John Miller, player/coach of the Brussels Kangaroos and a reporter for a major American newspaper, is back chronicling his team’s 2009 season in his weekly column that will appear every Monday on mister-baseball.com.
An experiment in baseball proselytizing was born Saturday afternoon. Six kids walked up to a coach and declared themselves ready to play the pastime. They had bitten on the offer announced on www.springbaseball.org.
As explained here before, my goal is to prove to those stewarding the game in Belgium, and elsewhere in Europe, that there is room for a short season written into people’s lives, instead of the seven-month novel most federations favor. That would increase the player pool, drawing the A athletes a sport needs to flourish.
There’ll be 11 two-hour sessions between now and late June. I hope to: a) attract 10 to 12 kids ages 9 to 12, enough to make a team b) teach them enough baseball fluency to compete in a few games with our regular teams in that age group. Then they’ll go back to summer and soccer with a lingering hunger for our game.

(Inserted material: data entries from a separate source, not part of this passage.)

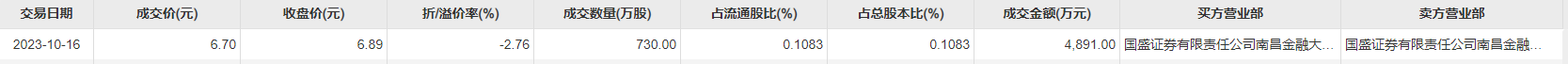 10月16日,上海莱士今日大宗交易成交730万股,成交额4891万元,占当日总成交额的17.67%,成交价6.7元,较市场收盘价折价2.76%。
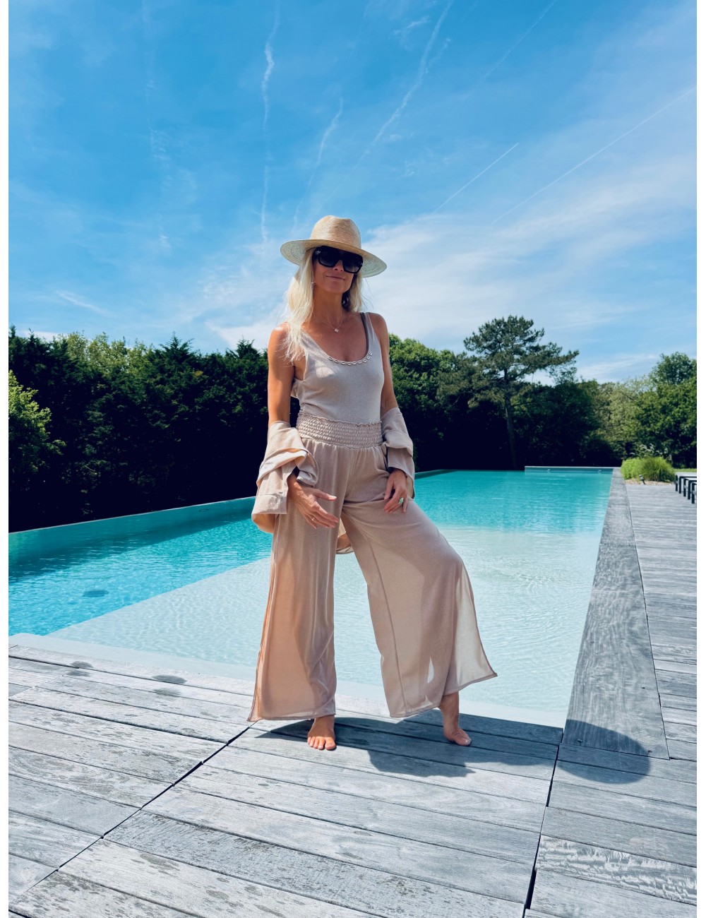 - Pantalon paillettes fluide large en lurex
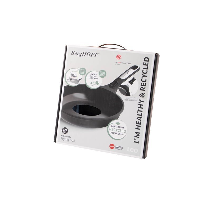 | Unique features | Ovenproof up to 230°C / 446°F (without detachable handle) Made with recycled aluminium Healthy CeraGreen ceramic non-stick coating (PFAS-free) Easily detachable handle for oven use and space-efficient storage Full disk base that conducts heat fast and evenly for energy-efficient cooking |

I was a bit bummed to sign up six kids instead of 15, but that’s just enough to run practice games if you have a few club players to fill in on defense. It’s also enough to make a team if those six each bring a friend.
The low, cloudy skies cleared up by noon, and it was pristine baseball weather when the first two boys showed up 20 minutes before the 1pm start. I offered free BP. They eagerly wacked a couple dozen balls.
I abstained from offering hitting theory. Instead, I set up a competitive game between the two kids. Most hits out of the infield wins. A golden rule of coaching: put kids in situations where there is thrill in victory.
The others, including one girl, showed up. I handed out T-shirts and gloves. We worked on playing catch for 20 minutes, ground balls for 5 and fly balls for 5. At 1:30pm, I launched a T-ball game, stopping every time a rule needed clarification.
Five of the six kids are fine athletes. One instinctively took a line drive off the chest to make an out. A lefty grounded out weakly his first time up. The second, he measured up his swing, carefully preparing a stride and hard cut to the ball. The resulting sweep of the bat was elegant and powerful, delivering a line drive to right-centre.
At 1:30pm, I explained pitching. This will be the hardest skill to teach on short notice. I stuck a batting helmet on a tee on home plate and offered a free baseball to any kids who knocked it off from the mound. The only guidance I offered was to keep the launch foot on the rubber. Again, you could see each one figuring out the best way of making his body throw a hard strike.
We closed with everyone’s favorite candy, homerun derby. I handed out free baseballs in exchange for promises to bring friends, and sent them off. I then rushed over to the men’s field to go 0-for-4 and catch a crisp 3-1 triumph over the Mortsel Stars.